宝飾メーカーの製作部門に正社員として就職した場合は、土日祝を休みとする週休1~2日制で、1日8時間労働が基本になります。

夏季や年末年始、有給などの休暇も定められていますが、実際には残業や休日出勤も多いでしょう。

一般的には研磨作業を3年間担当したあと修理部門に配属になるなど、ジュエリー製作がひととおりできるようになるまでには10年かかるといわれます。

それも毎日8時間、製作に従事した場合ですから、現実的には休みなく彫金作業を行うことが多いでしょう。

彫金工房に勤めるか、彫金師に弟子入りした場合も、勤務時間や休日は決まっていても彫金に明け暮れる毎日でしょう。

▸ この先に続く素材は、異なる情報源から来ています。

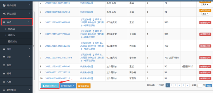 1.系统后台活动订单管理中新增管理员代报名功能。具体请参考教程:http://www.saihuitong.com/bbs/topic?id=8539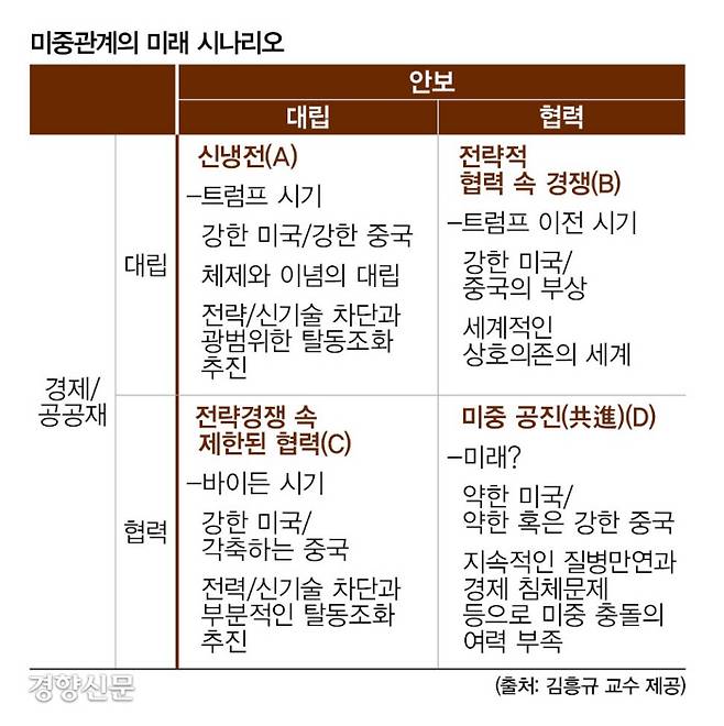 “A나 D시나리오는 한국의 이해에 부합하지 않을 개연성이 크다. 중국과 전면적 충돌을 하거나 중국의 영향권 내에 의도치 않게 편입되는 상황이다. 따라서 한국의 외교안보경제 정책은 시나리오 C, 즉 바이든 행정부의 대외정책이 잘 유지되도록 돕고 보완해주는 것이라는 결론에 도달한다. 그러나 미국 자체적으로 이를 유지하기 쉽지 않다. 대단히 유동적이고 불안정한 상황이다. 미국의 동맹국들은 물론이고 중견국들의 창의적이고 적극적인 노력과 협력이 없다면 혼돈이 빠르게 증가할 수 있다. 한국은 시나리오 C를 구축하려고 최선을 다하는 가운데 시나리오 A, 그다음으로 D로의 전이 가능성에 대비해야 한다. 지난 3월 22일 화춘잉 중국 외교부 대변인이 미국이 알래스카회담에서 하나의 중국 원칙을 인정했다고 언급한 것은 시나리오 D로의 전이 개연성도 충분하다는 것을 잘 보여준다.”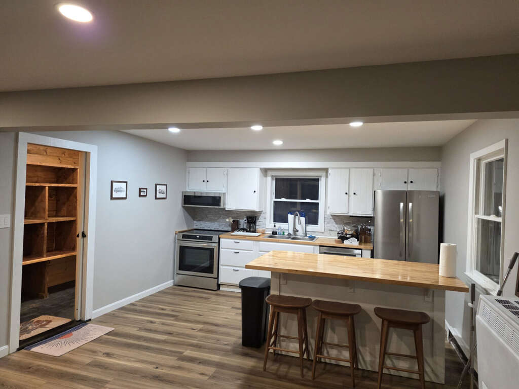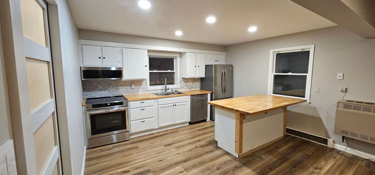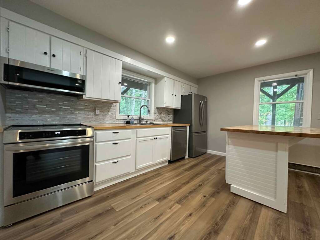 <li><strong>Modern Kitchen:</strong> Renovated with butcher block countertops, stainless steel appliances, and central island.</li>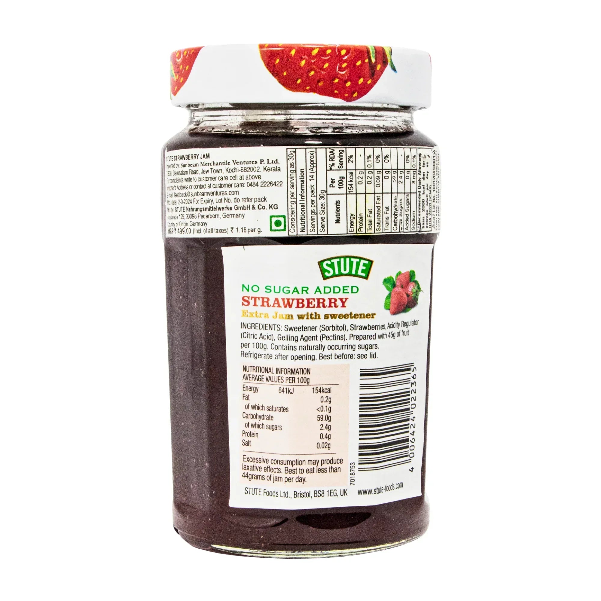 A Guilt-Free Classic: Strawberry Jam. We’ve captured the fragrant, juicy sweetness of ripe summer strawberries in this classic jam. Stute's Sugar-Free Strawberry Jam is a bright, vibrant, and naturally fruity spread that fits perfectly into a balanced eating plan. It’s a guilt-free way to enjoy a timeless favorite.

独立してアーティストとして活躍する人は展覧会などを行うこともあります。

また彫金教室を運営したり、指導者として勤務したりと、活動内容によって勤務時間や生活スタイルは変わってきます。

彫金師の求人・就職状況・需要

求人は少なめで、不安定な働き方になることも

彫金師として活躍するためには長い年月をかけて経験を積む必要があるため、彫金工房や宝石メーカーに就職することで、少しずつ仕事に慣れていけます。

しかしながら、業界全体として求人自体が極めて少ないのが実情です。

個人の彫金師のもとにアシスタントとして弟子入りする人もいますが、よいタイミングで求人が出るとは限りません。

彫金工房や彫金師のもとで見習いをする場合は、おおむねアルバイトから始まり、待遇はあまり恵まれていません。

宝石メーカーの場合は、彫金師の募集は少なく、デザインを含めたジュエリー製作全般の求人が多くなっています。

その場合の雇用形態は正社員、契約社員、アルバイトとさまざまです。

コンテストに入選するなど実績が認められると、フリーランスの作家として独立開業する人もいます。

最近ではシルバーアクセサリーのアーティストとしてインターネットなどを活用して自ら販売することから活動を始める若手の彫金師が増加しています。